Mumsnet has not checked the qualifications of anyone posting here. If you need help urgently or expert advice, please see our domestic violence webguide and/or relationships webguide. Many Mumsnetters experiencing domestic abuse have found this thread helpful: Listen up, everybody

Why am I only into men who

12 replies

Em890 · 10/09/2019 20:34

Don't need nor want me. I'm recently dating someone who regularly tells me how much he likes me and seems really interested but it just seems to be putting me off.

This has happened to pretty much everyone that's showed a genuine interest in me. The only men I recall to have been very attracted to are the ones who I've eventually found out had girlfriends and so unavailavle, or those who have been very emotionally unavailable and unstable.

It's so frustrating because everytime I'm in a dysfunctional relationship I long for someone who's genuinly into me, but when I get it, I seem to go off the person and can't make sense of why? 😭

OP posts:
LuluBellaBlue · 10/09/2019 20:39

I’d suggest some form of talking therapy / counselling as it’s anyones guess why.

However for me, I used to experience very similar. It was lack of self love and belief. All the time I knew deep down they weren’t ‘the one’ and we’re treating me badly it reaffirmed my belief of not being good enough to deserve a decent partner and was safe. However when I tried dating nice guys they were a turn off as I was so used to being treated badly.

I took a massive break from dating and worked on myself. Best thing I’ve ever done

Rachelover60 · 10/09/2019 20:45

Good advice from LuluBellaBlue. I was like you, Em, when I was young. I went for 'bad boys' but at the same time, wanted a decent bloke. When I had a 'decent bloke' I felt hemmed in and depressed. I often felt I wasn't good enough but at the same time, longed to be free to have a bit of risky excitement.

Eventually I grew up and married a Mr Nice Guy :-) but still felt the same sometimes, fantasised a lot. However my husband was lovely, he persevered; married forty three years and nine months.

picklemepopcorn · 10/09/2019 21:00

Avoidant attachment. Have a look at it on line, see if it rings any bells.

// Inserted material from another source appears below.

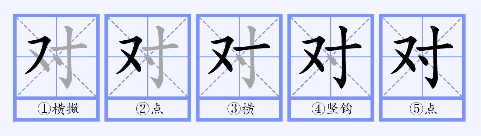中国最早的词典《尔雅》说:“对,遂也。”意思是顺着心意就说对,也就是不错的意思。清代段玉裁在《说文解字注》中的解释是:“对,答问也。”意思是回答、应答。古代科举考试的一种文体叫对、对策、对诏或奏对,是皇帝就有关政事、经义等方面的问题提出策问,应试者做出回答。

Itsmostlygristlecath · 10/09/2019 22:10

Look up attachment styles as pp said, I don’t know a lot about it but I think it’s seeking out similar attachments we had from our parents and repeating them to subconsciously ‘fix’ it.

TheCatsACunt · 10/09/2019 22:14

What’s your background like in terms of male role models? Relationship with your father, your view of the relationship between your parents etc?

Em890 · 10/09/2019 22:59

My father has been mainly absent and id say my mother has been fairly emotionally absent, perhaps it links in with this then?

OP posts:
Itsmostlygristlecath · 10/09/2019 23:18

Definitely look up avoidant attachment.

lostpigeon · 11/09/2019 00:01

43 years....and 9 months....jeez!

Rachelover60 · 11/09/2019 02:02

Yup. He died not long ago, quite suddenly. There's a big hole in my life now.

picklemepopcorn · 11/09/2019 07:30

RachelThanksThanks

picklemepopcorn · 11/09/2019 07:32

Em890
Relationships actually mould the brain. Your brain is moulded to seek people who aren't available to you. As soon as they are, it doesn't know what to do about it. (Very simplistic explanation).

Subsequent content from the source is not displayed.